Carin questioned for effect, not expecting Verek to answer. But when she paused to sip her tea, the warlock gifted her with a surprising reply.
“In truth, I cannot say.” He cocked his head as he spoke, but his gaze was direct—disturbingly so. “To my knowledge, never has the chamber of the wysards been visited by such a one as you—nor by any otherworldly dragon. You were a witness to my astonishment when first you summoned the creature to those waters. A participant you were also—though unwilling, as I recall—in my efforts to know the beast’s nature. Surely you cannot profess to wonder at my o
wn uncertainty upon the points you have raised. Until the question is put to the test, I am no more able than you are to say whether the waters of the wysards will rise against your uncanny dragon to protect an adept of Ladrehdin.”

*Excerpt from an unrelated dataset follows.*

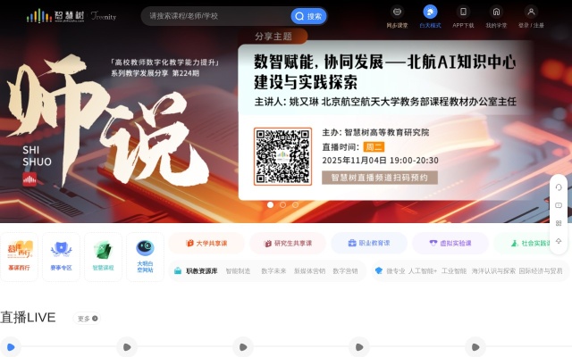 智慧树是全球大型的学分课程运营服务平台,在线教育平台拥有海量大学高品质课程,网络教育在线完美支持跨校授课,学分认证,名师名课名校,在线互动教育学堂,体验VIP级课程学习,让你成为学堂中的MVP。

‘Whether the waters will rise’? Not ‘would’—but ‘will.’ Verek made it sound like the question wasn’t a conjecture from the past, but a puzzle for the present and a test for the future.
Carin barely had time to wonder about Verek’s phrasing—and to note his use of the word “adept”—when the wizard redirected her attention to the subject they had strayed from.
“I fear my case stands bootless,” he said, “in defense of the decision you made in the cavern of enchantment. Of the two reasons you have given me for sparing my life, I tell you that the first was mistaken and the second debatable.” Verek shifted on the blanket under him. “Perhaps I may do better, if you have a third to offer.”
Indeed she did. But she hesitated to reveal it. Carin looked at the ground and began to pluck at dead, dry grass. She couldn’t stand the cold for long; it forced her hand back under her cloak.
She didn’t look up then as she answered Verek. “My third reason will probably sound lame to you. But I felt like it would be”—she searched for the word—“dishonorable to murder someone who had just saved my life. I would have drowned if you hadn’t come in after me. You knew you’d get hurt. That pool is an ocean of pain.” Carin shuddered as she recalled it. “After what you did, getting me out of there even as hurt as you were, I felt like I owed you … especially when I saw you afterward. You looked awful.
“So instead of finishing you off that night, I just walked away.” Carin shrugged. “Now you know all my reasons for not trying to kill you. Take your pick. None of them is very good.”
She awaited his scorn. But Verek withheld it.
“No reason serves better than this last one as grounds for any decision,” he replied, softly. “No higher justification is there than the voice of conscience. To commit a deed that is dishonorable in one’s own eyes is an unpardonable offense. The criminal may more easily make amends for a lifetime of unscrupled crime, than the man who forsakes his conscience—even once—will rid himself of that shame.”